Our all time favorite vacation is renting a canal boat and spending a week or two driving it through the English countryside. England has a network of canals that run throughout the country, from London up to Wales, with many circular routes or ‘rings’ in the center of the country.
The canal boats are not like any boat you’ve ever seen. They’re called narrow boats. They are basically long and thin steel barges, about 7 ½ feet wide and ranging from 45-65 feet long. They are like houseboats and can sleep anywhere from two to eight people. There is always a living/eating area, often with comfy chairs and a wood burning stove. There is a kitchen and bathroom in addition to at least one bedroom. They are amazingly roomy and comfortable.
The outside of the boats are painted in distinctive bright colors with classic patterns on them. They are beautiful and each boat is unique. The style is country craft meets gypsy. Lots of stylized floral motifs.
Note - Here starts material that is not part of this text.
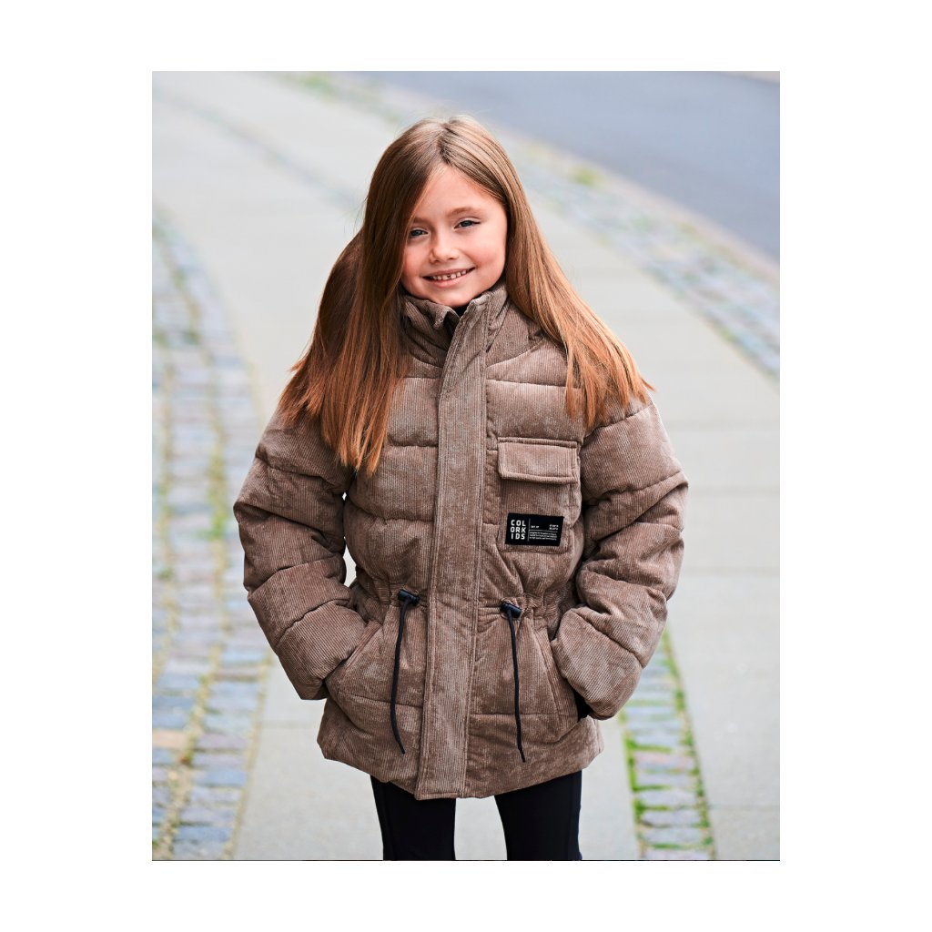 Krásná prošívaná bunda Color Kids z nepromokavého, hnědého manšestru s nášivkou s logem na levé straně hrudi.
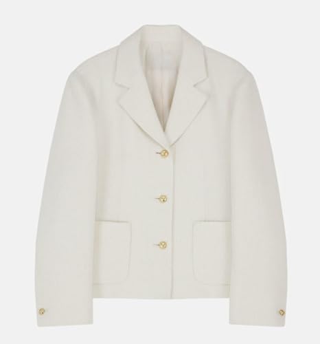 • Unique design: White refined tweed paired with high-quality gold buttons creates a look that is both classic and sophisticated. The simple and neat cut, along with the clean color scheme, gives the outfit a streamlined and elegant silhouette. The lower utility pockets are beautifully embroidered, carefully crafted with tight stitching along the edges and stylish tailoring to achieve a perfect fit. Its classic design and quality materials make it a great choice for your wardrobe

All the boats also have a small outside deck area where you sit or stand and steer the boat – from the back. The boat can only go about five miles per hour and you steer it with a single tiller. When another canal boat is coming in the other direction, you may only have six inches or so of space between the two boats. At first driving the boat is daunting and intimidating. But after a while, it becomes second nature and it’s no big deal.
Locks are something unique to canals. They are part of the allure and the culture of the canals. To get up and down the numerous hills and valleys, you go through locks. These are sluices that raise or lower the water level to the water level on the other side of the lock. In England, they are all manual and the boaters have to work the locks themselves. I don’t have the space here to go into lock technology. But it takes time and requires physical labor by the lock person, while the navigator drives the boat into and out of the lock compartments.
Locks add to the charm of the canal experience, except in the pouring rain or in 95 degree heat. We have experienced both.
The canals and the scenery alongside them are beautiful. You can drive through scenic farmland, dotted with cows and sheep. You can also go through heavily forested areas, suburbs with gorgeous canal side houses, or even swampland. There are also industrial towns along some of the routes. The canals were originally built in the eighteenth century for industries, like the famous English china factories such as Wedgewood. The canals were for the transportation of supplies and marketable goods back and forth around the country.
Canal boating is a very self-contained and independent type of holiday. If you see a pub that appeals to you, you stop for a beer or a meal. And there are lots of picturesque pubs along all the canals. When you get to a town, you walk to the stores and shop for food or just putter around. When you’re ready to stop for the night, you pick a spot, pull over and hammer down stakes to hold the boat in place.
You get totally caught up in the peaceful, slow-paced world of the canals. You get friendly with other boaters camped near you or going through the locks with you. Many English boaters live on the canals for months at a time, often with their cats and/or dogs. That sounds idyllic to me!
I’ve been on three canal trips. One was with another couple and four young children and two were just with my husband, Tom. It’s one of the only vacations I want to go back to again and again. To reduce stress, when I think of a peaceful, happy place, I transport myself to a canal boat in the English countryside.